By: Ian Fogelman | Comments (5) | Related: > Functions User Defined UDF
Problem
You would like to extend the capability of a scalar function to be apply to apply regex expressions in your SQL Server database. Advantages to implementing this in a scalar function can help utilize regex search patterns to identify, clean and parse existing SQL Server data.
Solution
For this solution we will be utilizing C# to build an assembly and load it into our SQL Server database. Once the assembly is loaded into the database, we can create a scalar function that will use the logic we create to apply our regex expressions.
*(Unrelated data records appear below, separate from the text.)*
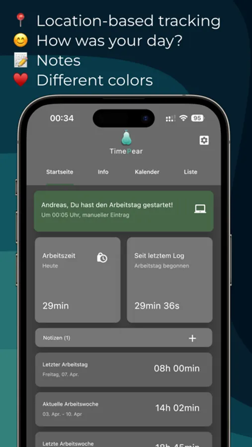 With TimePear, you'll never forget to start or end your day again. The app reminds you automatically when it's time to start or end your workday. The display of when you can end your day (including break time) ensures that you always keep track of your work time.
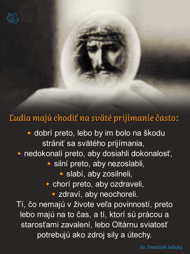 Prijímaj často! Lebo tak ako tvár Mojžiša od pohľadu na Pána Boha na hore Sinaj zažiarila zvláštnym jasom, tak sa aj tvoja duša častým požívaním Najsvätejšej oltárnej sviatosti – žriedla čistoty, krásy a svätosti – celkom premení a posvätí.
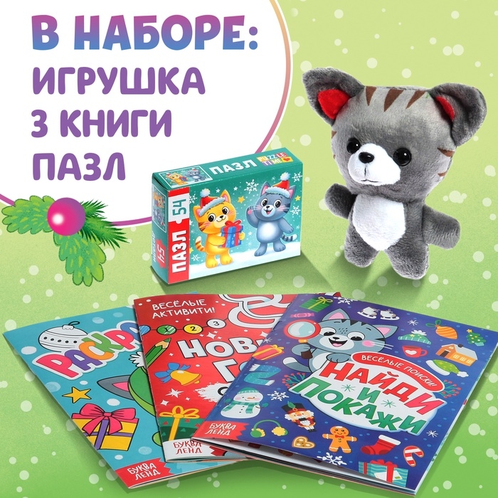 Набор 3 в 1 «Новогодний подарок», 3 книги, игрушка и пазл МИКС
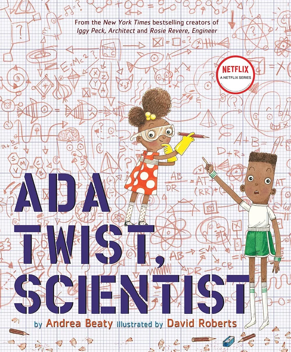 Ada Twist, Scientist by Andrea Beaty (illustrated by David Roberts) is a popular children's picture book about a curious girl who loves science and asks endless questions, inspired by real-life scientists like Ada Lovelace and Marie Curie. The rhyming story follows Ada as she uses scientific methods to solve everyday problems, like a mysterious bad smell in her house, learning about perseverance and the importance of asking "why" even when experiments go wrong
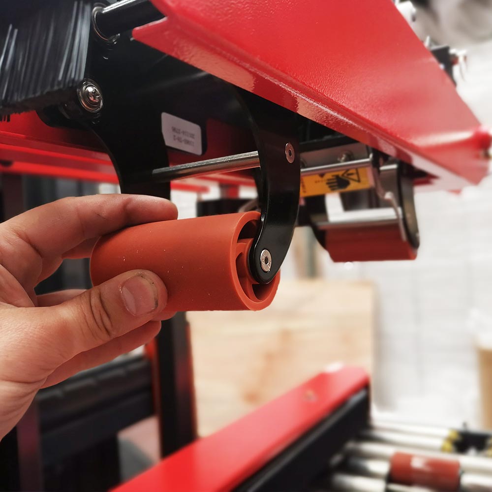 Zaklejarka Easy Tape 70 TSB posiada zestaw napędów składający się z górnych i dolnych pasów trakcyjnych, które prowadzą karton przez strefę zaklejania. Operator wprowadza opakowanie przez rolkowy przenośnik wejściowy, a napęd pasów chwytając karton zapewnia jego równomierny przesuw przez głowice zaklejające. Dzięki zastosowaniu pasów zarówno w górnej, jak i dolnej części urządzenia uzyskuje się stabilne prowadzenie opakowania podczas całego cyklu pakowania.
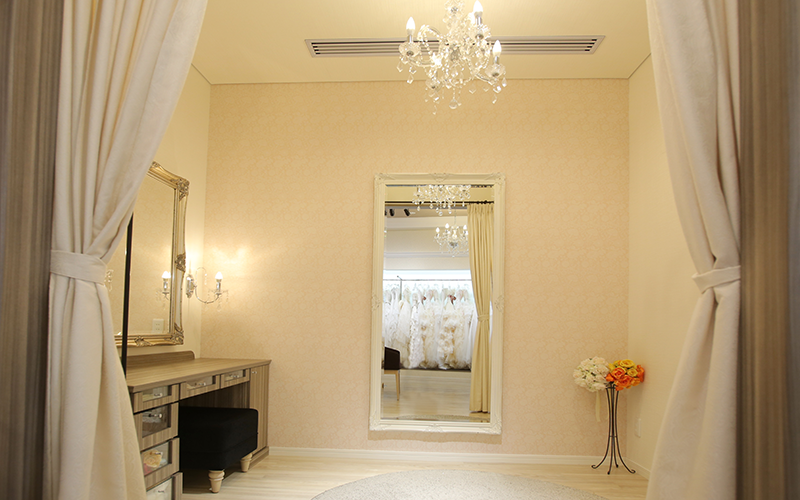 人気ブランドからナチュラル・スウィート・エレガンスとテイスト毎に衣裳を取り揃えたフロア。 試着スペースはすべて個室なので、周りを気にせずゆっくりと試着ができ、お子様連れでも安心です。
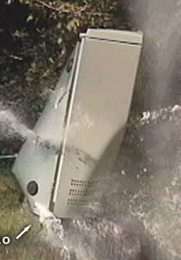 Комп просто снесло с пенька обычной картофелиной! :) Правда, картофелина эта летела с очень большой и необычной для нее скоростью, будучи выпущенной из длинной пневматической пушки "картофелестрелялки". На сайте SpudCannon в картинках и деталях (со схемами!) рассказано как построить такую пушку.
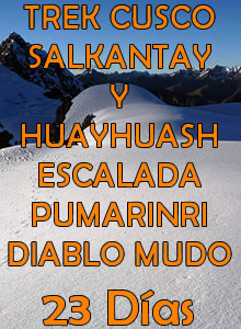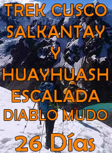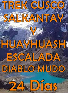 | TREKKING CUSCO SALKANTAY MACHUPICCHU CORDILLERA HUAYHUASH PERU, operadores especializados en la organización de Trekking Cusco Salkantay Machupicchu Cordillera Huayhuash Peru, contamos con un equipo de profesionales de experiencia laboral en el campo de Turismo de Alta Montaña, cuyo objetivo principal es brindar calidad, seguridad y garantía en todos nuestros servicios, de esa manera, cumplir con las expectativas y exigencias del Cliente. Nosotros le ayudaremos a organizar su programa Tours en bus, Tours Convencional, Trekking, Climbing, Caminatas, Escalada en Hielo en la Cordillera Blanca y Huayhuash como también en Cusco – Arequipa – Puno - Perú. |
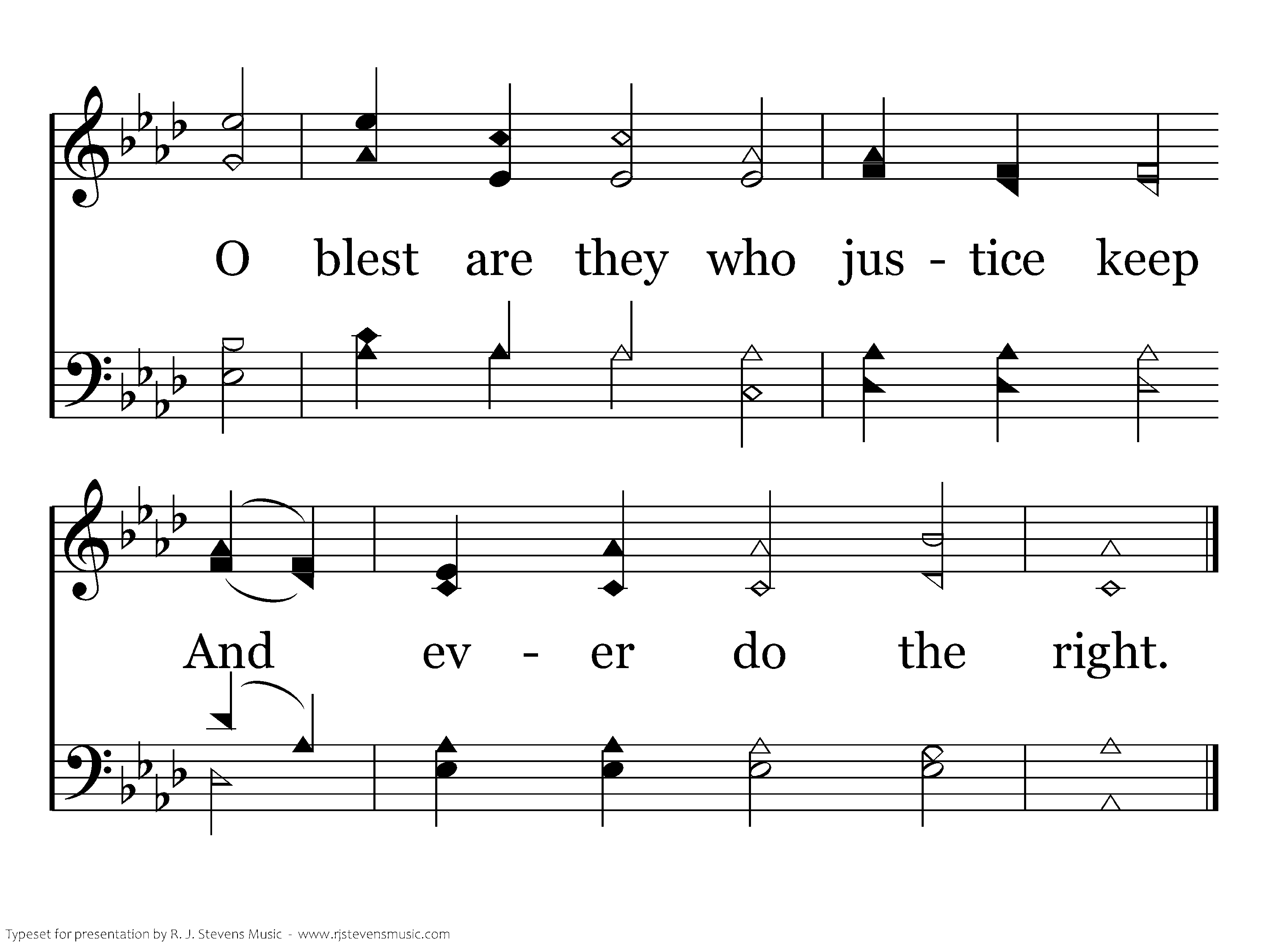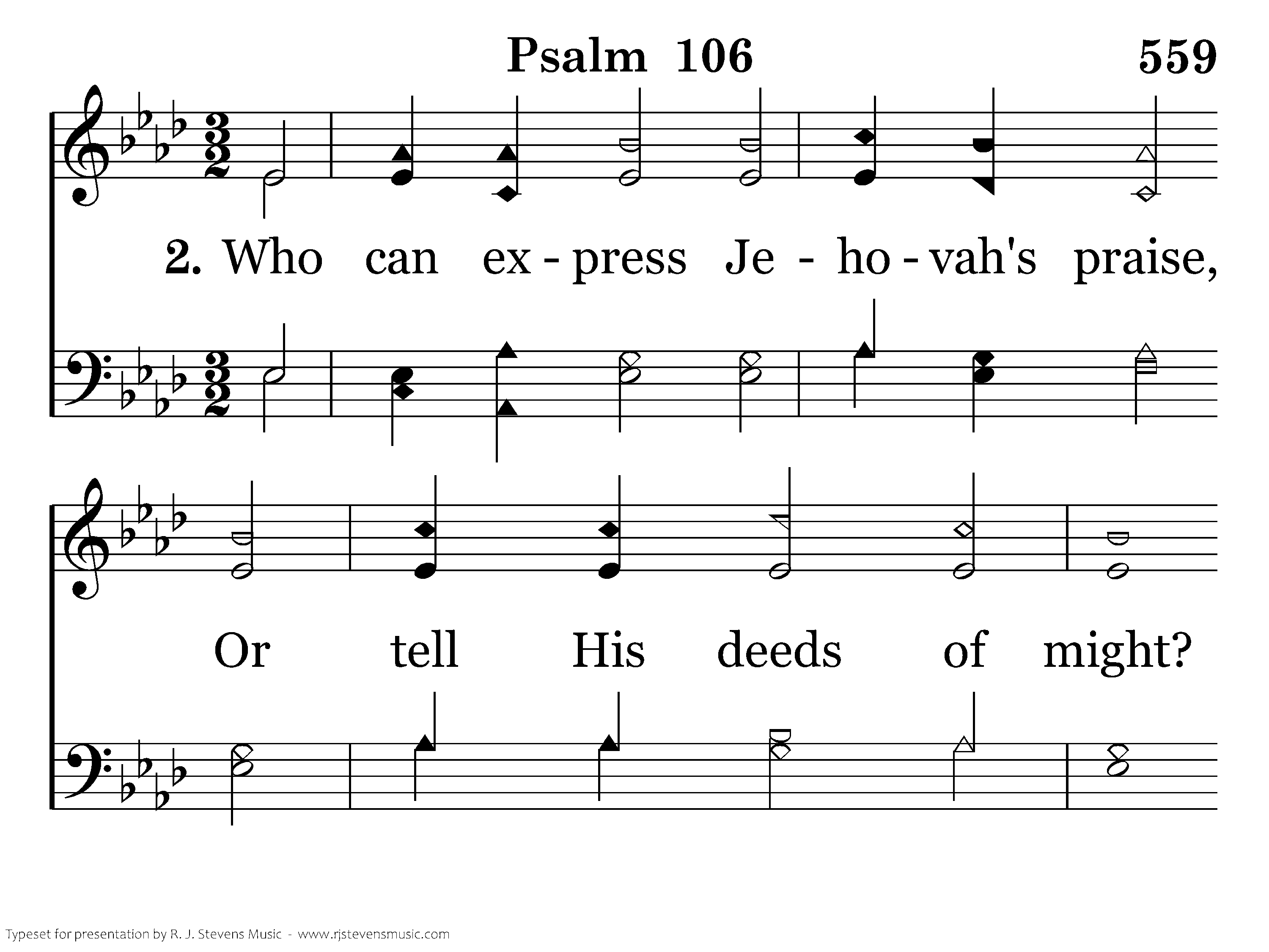 Who can express Jehovah's praise, Or tell His deeds of might? O blest are they who justice keep And ever do the right.

We will be utilizing the csc.exe .Net compiler as a lightweight means of converting our source code into dll’s.
Exercise Files
You can download these files here.
- Compile.bat
- Regex Evaluate.sql
- Regex Init.sql
- RegexEvaluator.cs
- RegexEvaluator.dll (will be generated)
Application Steps
- Check .Net Version
- Update Compile.bat
- Examine RegexEvaluator
- Compile RegexEvaluator
- Load and Test Assembly with Regex Init.Sql
- Run simple operations
- Run complex operations
1 - Check .Net Version
First thing we need to establish is the .Net version running on our workstation. This will be used to compile our C# code into a dll assembly which we will load into our SQL Server database. To do this navigate to the following file path on your windows machine: C:\Windows\Microsoft.NET\Framework. Here we can see the various versions of .NET installed on the work station. For this example, I will use 4.0.30319.
2 - Update Compile.bat
Now that we know exactly which version of .Net we are going to use, we can update the bat file that will be used to compile the assembly. Open the Compile.bat file and update the file path to the folder version of your .Net framework.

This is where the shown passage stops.